Will Smith’s new slave thriller Emancipation is moving its production from the state of Georgia following the passing of controversial new voting laws.
This year, new laws were set out in the state which mean all voters will require ID in order to vote, a move that many believe will disproportionately harm Black and ethnic minority voters.
In a joint statement announcing the move away from Georgia – the first major film to boycott the state following the new laws passing – Smith and director Antoine Fuqua said: “At this moment in time, the Nation is coming to terms with its history and is attempting to eliminate vestiges of institutional racism to achieve true racial justice.
“We cannot in good conscience provide economic support to a government that enacts regressive voting laws that are designed to restrict voter access. The new Georgia voting laws are reminiscent of voting impediments that were passed at the end of Reconstruction to prevent many Americans from voting.”

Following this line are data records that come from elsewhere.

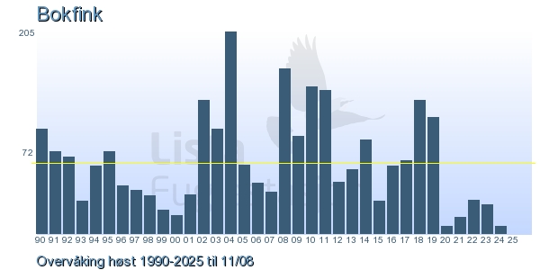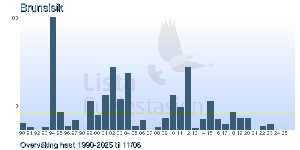 These pages contains the ringing log from Lista Bird Obs. There are several options; Daily log (detailed ringing log for any chosen day), Month log (totals for each day in a month), Season numbers (status for this season), Year list (list of species ringed for any chosen year) or Birdlist Lista Bird Obs. (complete list of species ringed).
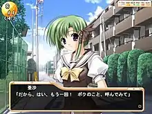 The gameplay mostly consists of reading and listening to the conversations provided. Now and then, a "Please Select Your Destiny" event will occur, giving the player multiple choices on how to respond. The choices will determine who will be Rin's destined love; depending on which route the player takes, there will be between 8 and 12 multiple-choice questions.[1] At a certain point in the visual novel, a translucent image of the destined character appears when the day changes indicating whom Rin has fallen in love with after which the multiple-choice events become almost nonexistent.[1] Near the end of the game, two sex scenes will occur.[2] After the story has been completed at least once, players can view CG (computer graphics) artwork they have observed, skip scenes or endings for characters they have viewed, and listen to the soundtracks they have heard in the game.[2]
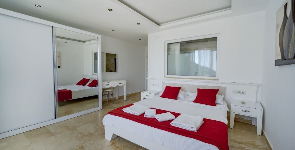 4. Yatak Odası : Çift kişilik yatak, klima, komodin, makyaj masası, elbise dolabı, banyo ve lavabo bulunmaktadır. Balkon bulunmaktadır.

They added: “Regrettably, we feel compelled to move our film production work from Georgia to another state.”
Emancipation is set to follow the story of former slave ‘Whipped Peter’ Gordon, who became notorious after photos of him with scars on his back from being whipped and tortured became world famous.
The film is still set to keep to its original production start date of June 21, and looks to be moving to a location in Louisiana, the real-life setting for Gordon’s enslavement.

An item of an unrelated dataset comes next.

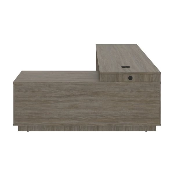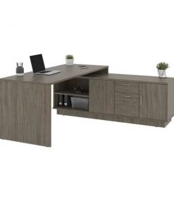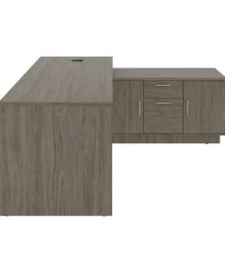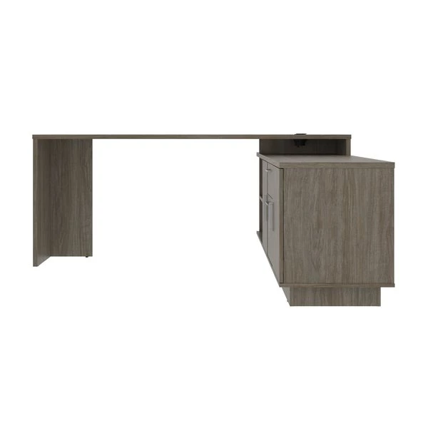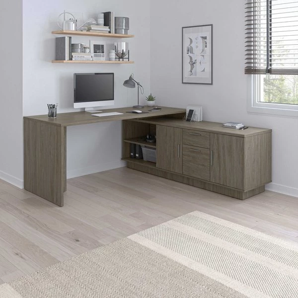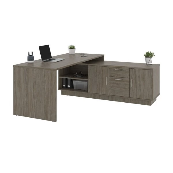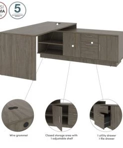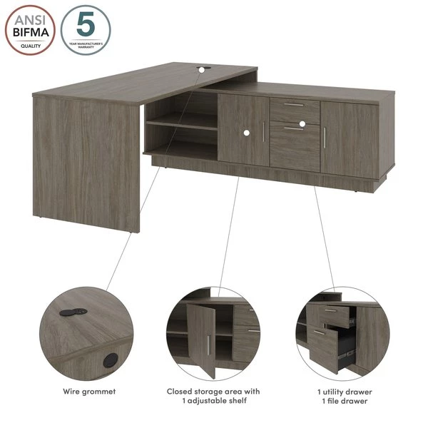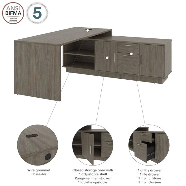 Transform your office into a center of organization and productivity with the Bestar Equinox L-Shaped Office Desk. With a layered work surface, this L-shaped desk provides ample room for all of your work activities. The laminated particle board desktop resists scratches, stains, and wear to last you for many years. With 2 closed and 2 open storage areas and a total of 3 adjustable shelves, the desk offers enough storage solutions for your office accessories. Easily keep your files and folders organized thanks to the utility drawer and letter/legal file drawer. The grommet can help you efficiently manage your cables. Keep your phone charged and on hand thanks to the built-in USB/power socket on the desktop. Meets ANSI/BIFMA standards for safety and performance. T

A number of high-profile figures in Georgia have shared their opposition to the boycott, with Hollywood productions having a huge base in Georgia and bringing in more than $10billion (£7.2bn) in revenue for the state each year.

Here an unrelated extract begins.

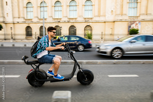 © All king of people, Fototapeta premium młody mężczyzna jedzie pojazdem elektrycznym

Voting rights activist Stacey Abrams said: “Boycotts work best when the target of your boycott is responsive, and unfortunately we are not dealing with good actors here. The governor of Georgia is revelling in the potential of a boycott because it gives him someone to blame for his own actions.”
Martin Luther King’s daughter Bernice also urged Hollywood to “please stop” the boycott, saying such action would “hurt middle class workers and people grappling with poverty. And it would increase the harm of both racism and classism.”